Options that come to mind: If you have the ability to alter the schema while preserving the current fields I would consider adding a computed column to the database for a DateTime equivalent to the timestamp. Barring that, using a View to source the data for this type of search/report which can provide the translated timestamp.
If you don't have the ability to adjust the schema, then things will get a bit trickier. When you say the timestamp can be milliseconds or datetime in a string, does that mean the value can be something like either "1435234353353" (ms since Date X) or "20190827151530" for 2019-08-27 3:15:30 PM? If that is the case, as long as the length of the 2 strings, however formatted, is different then you can potentially still query against the field, it just won't be ideal:
Assuming the date option formatting is "YYYYMMDDHHMMSS":
string lastExecutionDate = targetDate.ToString("yyyyMMddHHmmss");
string lastExecutionMs = targetDate.ToUniversalTime().Subtract(
new DateTime(1970, 1, 1, 0, 0, 0, DateTimeKind.Utc)
).TotalMilliseconds.ToString();
var terminalKeys = terminals.Keys.ToList(); // You probably cannot use ContainsKey in Linq2EF...
var sales = context.SALES
.Where(s => terminalKeys.Contains(s.SC_TERM)
&& ((s.SC_TIMESTAMP.Length == 14 && s.SC_TIMESTAMP.CompareTo(lastExecutionDate) > 0)
|| (s.SC_TIMESTAMP.Length != 14 && s.SC_TIMESTAMP.CompareTo(lastExecutionMs) > 0 )))
.Select(s =>
new Sale
{
Product = s.SC_PRDCT,
Terminal = s.SC_TERM,
Operator = s.MC_OP,
UnixString = s.SC_TIMESTAMP
}).ToList();
If the SC_TIMESTAMP column only stores the timestamps in ms, and the time/date are in separate columns, then you don't need the conditional, just format your target datetime to a timestamp string (ms since 1970-01-01) and use that.

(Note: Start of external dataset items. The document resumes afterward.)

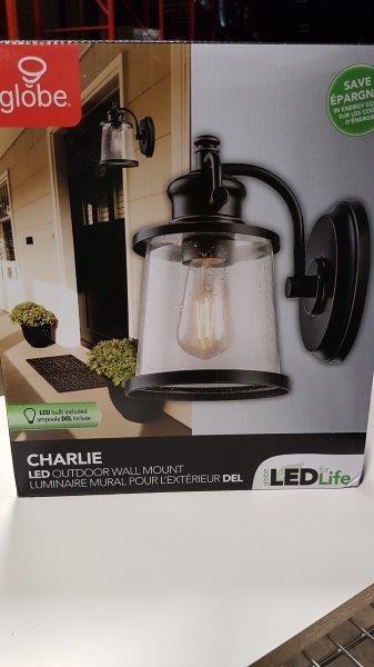 Globe Electric Charlie LED Outdoor Wall Sconce, Oil Rubbed Bronze Finish, Clear Seeded Glass Shade, LED Bulb Included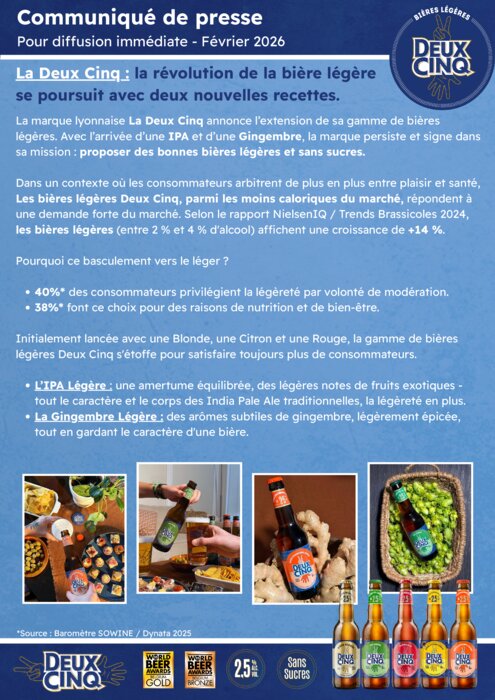 La marque lyonnaise La Deux Cinq annonce l’extension de sa gamme de bières légères. Avec l’arrivée d’une IPA et d’une Gingembre, la marque persiste et signe dans sa mission : proposer des bonnes bières légères et sans sucres.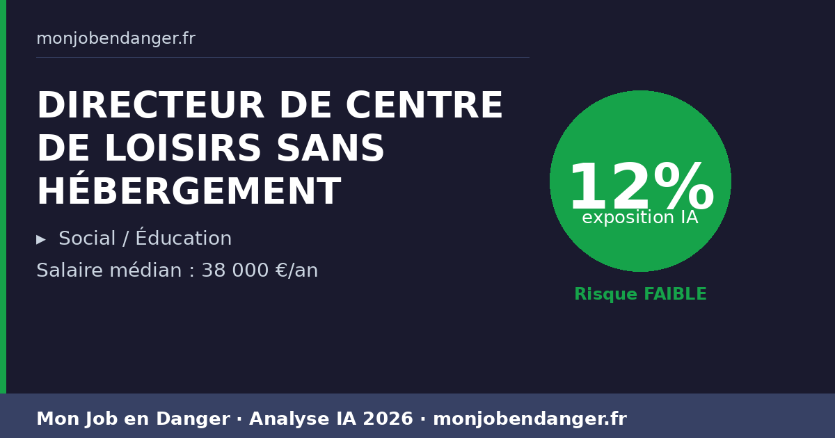 DIRECTEUR DE CENTRE DE LOISIRS SANS HÉBERGEMENT et IA en 2026 : 12% d’exposition — ce que ça change pour vous
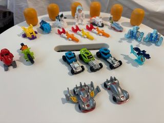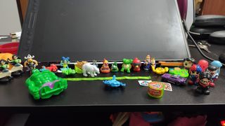 figuras de Pokémon pequeñas y de las antiguas, de mulan, de coches, superhéroes, Hulk, y más figuritas que voy encontrando, es decir que si te interesa tal vez te llevas más de lo que hay por el mismo valor. también se entregan las cápsulas de las figuras y la caja de ben 10)

string lastExecutionMs = targetDate.ToUniversalTime().Subtract(
new DateTime(1970, 1, 1, 0, 0, 0, DateTimeKind.Utc)
).TotalMilliseconds.ToString();
var terminalKeys = terminals.Keys.ToList(); // You probably cannot use ContainsKey in Linq2EF...
var sales = context.SALES
.Where(s => terminalKeys.Contains(s.SC_TERM)
&& s.SC_TIMESTAMP.CompareTo(lastExecutionMs) > 0)
.Select(s =>
new Sale
{
Product = s.SC_PRDCT,
Terminal = s.SC_TERM,
Operator = s.MC_OP,
UnixString = s.SC_TIMESTAMP
}).ToList();
The caveat for this to work with the ms or datetime in the same field is that if you require timestamp or datetime is that the datetime string must be an ISO format "year Month Day Time24" which is sortable, otherwise it cannot be used in a comparison.